Hypolamprus is a genus of moths of the family Thyrididae described by George Hampson in 1893.

==Description==
Palpi slight, upturned and reaching above vertex of head. Antennae minutely ciliated in male. Neuration is similar to Rhodoneura, differs due to stalked forewings in veins 8 and 9.

==Species==
- Hypolamprus angulalis Moore, [1888]
- Hypolamprus bastialis (Walker, 1859)
- Hypolamprus crossosticha (Turner, 1911)
- Hypolamprus curvifluus (Warren, 1898) (or Hypolamprus curviflua)

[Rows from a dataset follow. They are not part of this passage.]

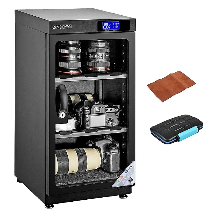 Tủ Chống Ẩm Andbon AD-50C là một công cụ được thiết kế để bảo quản cho những thiết bị của bạn được an toàn dưới những tác nhân của môi trường ẩm ướt của chúng ta như nước, bụi và độ ẩm. Thiết bị có khả năng hút ẩm nhanh, bảo quản cho máy ảnh, máy quay phim và những vật dụng khác của bạn được an toàn trước khi bị ảnh hưởng do nước, bụi, và độ ẩm gây ra. Toàn bộ tủ được sơn hai lớp bằng sơn tĩnh điện màu đen bền bỉ, chắc chắn và không kém phần nổi bật.
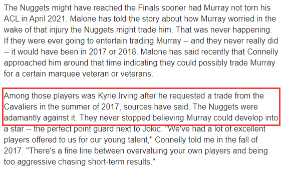 据名记Zach Lowe报道,掘金2017年曾坚定的拒绝过骑士方面关于穆雷换欧文的提议——如果他们曾有过交易穆雷的想法——事实上他们从没有过——那么交易会发生在2017年或者2018年。”Zach Lowe在其文章中写道。“掘金主帅迈克-马龙最近曾说过,那两年球队总经理康奈利曾找过他,暗示他球队可能交易穆雷去换老将。消息人士透露,2017年出现的一个提议是穆雷换欧文,当时欧文向骑士提出了交易申请,但掘金坚定的拒绝了这个提议。
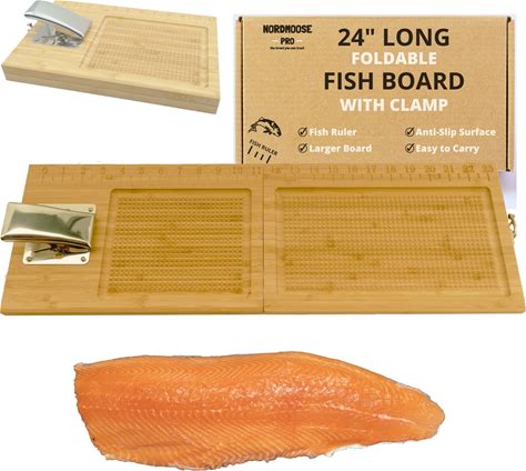 18" Bamboo Fish Cleaning Board Kit Anti-Slip Fish Cutting Board Set Fish Filet Board With Scale Fish Measure Board Include Fish Fillet Knife, Clamp,

- Hypolamprus distrinctus Whalley, 1971
- Hypolamprus emblicalis Moore, 1888
- Hypolamprus gangaba Whalley, 1971
- Hypolamprus hypostilpna (Turner, 1941)
- Hypolamprus janenschi (Gaede, 1917)
- Hypolamprus kamadenalis (Strand, 1920)
- Hypolamprus lepraota Hampson, 1910
- Hypolamprus marginepunctalis (Leech, 1889)
- Hypolamprus melilialis (Swinhoe, 1900)
- Hypolamprus quaesitus Whalley, 1971
- Hypolamprus reticulatus (Butler, 1886)
- Hypolamprus sciodes Turner, 1911
- Hypolamprus semiusta Warren, 1908
- Hypolamprus striatalis (Swinhoe, 1885)
- Hypolamprus stylophorus (Swinhoe, 1895)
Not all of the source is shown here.